The ASM3 bioP framework inherits its organic--carbon and nitrogen pathways directly from the standard ASM3 formulation, its treatment of phosphorus diverges from the ASM2d [13] approach in several important respects. First, the readily biodegradable substrate pool remains intact as a single fraction—ASM3 bioP assumes that fermentative hydrolysis never becomes rate--limiting and therefore omits any further subdivision of that pool. Second, under aerobic conditions and in the presence of phosphate--accumulating organisms (PAOs), orthophosphate is actively converted into intracellular polyphosphate, producing a measurable decrease in soluble phosphorus within the aeration basin. Crucially, however, PAO activity is not confined to aerated environments: field observations frequently report higher effluent phosphorus concentrations when nitrate is present, suggesting that either inhibitory effects limit phosphorus release or that PAOs and glycogen--accumulating organisms compete under denitrifying conditions. To capture this behavior, ASM3 bioP explicitly couples anoxic PAO growth to nitrate uptake and denitrification yet retains the rule that phosphate release is solely driven by carbon assimilation

Clarifier Model

In WWTP modeling, clarifiers are typically represented either as idealized separators for the simplest mass-balance calculations or as one-dimensional layer models to capture key vertical settling dynamics. The 1D approach divides the tank into multiple horizontal strata, allowing simulation of solids flux and sludge blanket movement under varying load and flow conditions. This level of physical detail is sufficient to predict effluent TSS performance and assess sludge withdrawal strategies across our ATV- and ASM based scenarios. By using a 1D clarifier model, we maintain computational efficiency while ensuring a robust evaluation of settlement behavior in design-phase simulations.

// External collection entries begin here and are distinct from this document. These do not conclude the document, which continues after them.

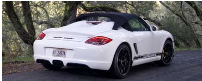
A modern-day specialty model, the Boxster Spyder

In addition, with the car well maintained, you should lose no more than 7 to 10% of the purchase value from that point on each year.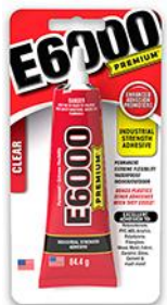
84.4 g Nozzle Tip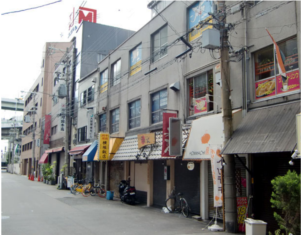
8. You will see the Hobby Land elephant logo of the 3 rd floor.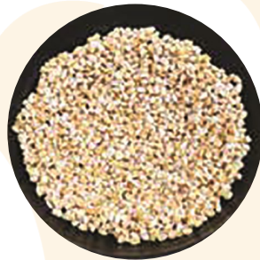
Farro Bowl $10.50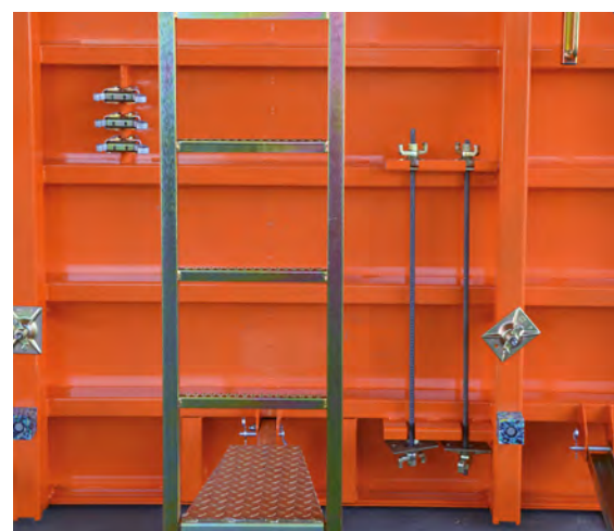
Well thought-out down to the last detail: for a tidy construction site without material loss.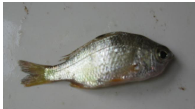
Fig. 1: Gerres oblongus (Cuvier)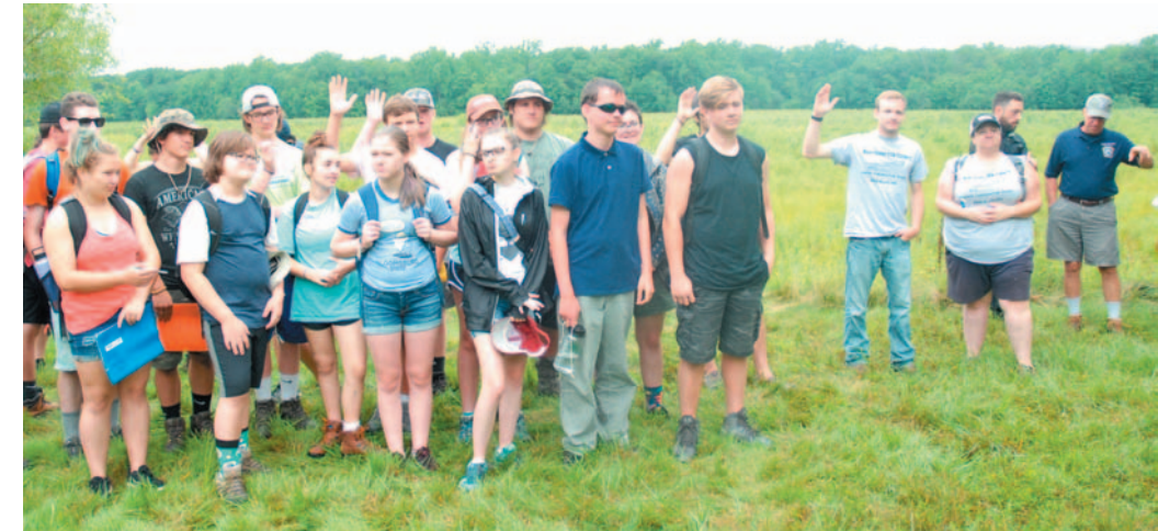
Northampton County Jr. Conservation brought a bus load of their summer campers to see and learn about the lakes new fish habitat structures and why the lake needs them.

The depth--dependent concentration profile in a one--dimensional settling tank is governed by the advection–diffusion–reaction equation:

(∂C(z,t))/∂t=-(∂(v(C(z,t))∙ C(z,t)))/∂z+∂/∂z (D(z,t)*∂C(z,t)/∂z)+s(z,t) (1)

To transform this partial differential equation into a system of ordinary differential equations, the tank is discretized in this case into vertical layers—typically at least ten—to form a “layer model.” Each layer falls into one of three categories:

Above--inlet layers, where the withdrawal of treated effluent induces an upward compensating flow.

Inlet layer, where the raw influent is introduced.

Sludge--withdrawal layer, where downward flow associated with solids removal enhances settling.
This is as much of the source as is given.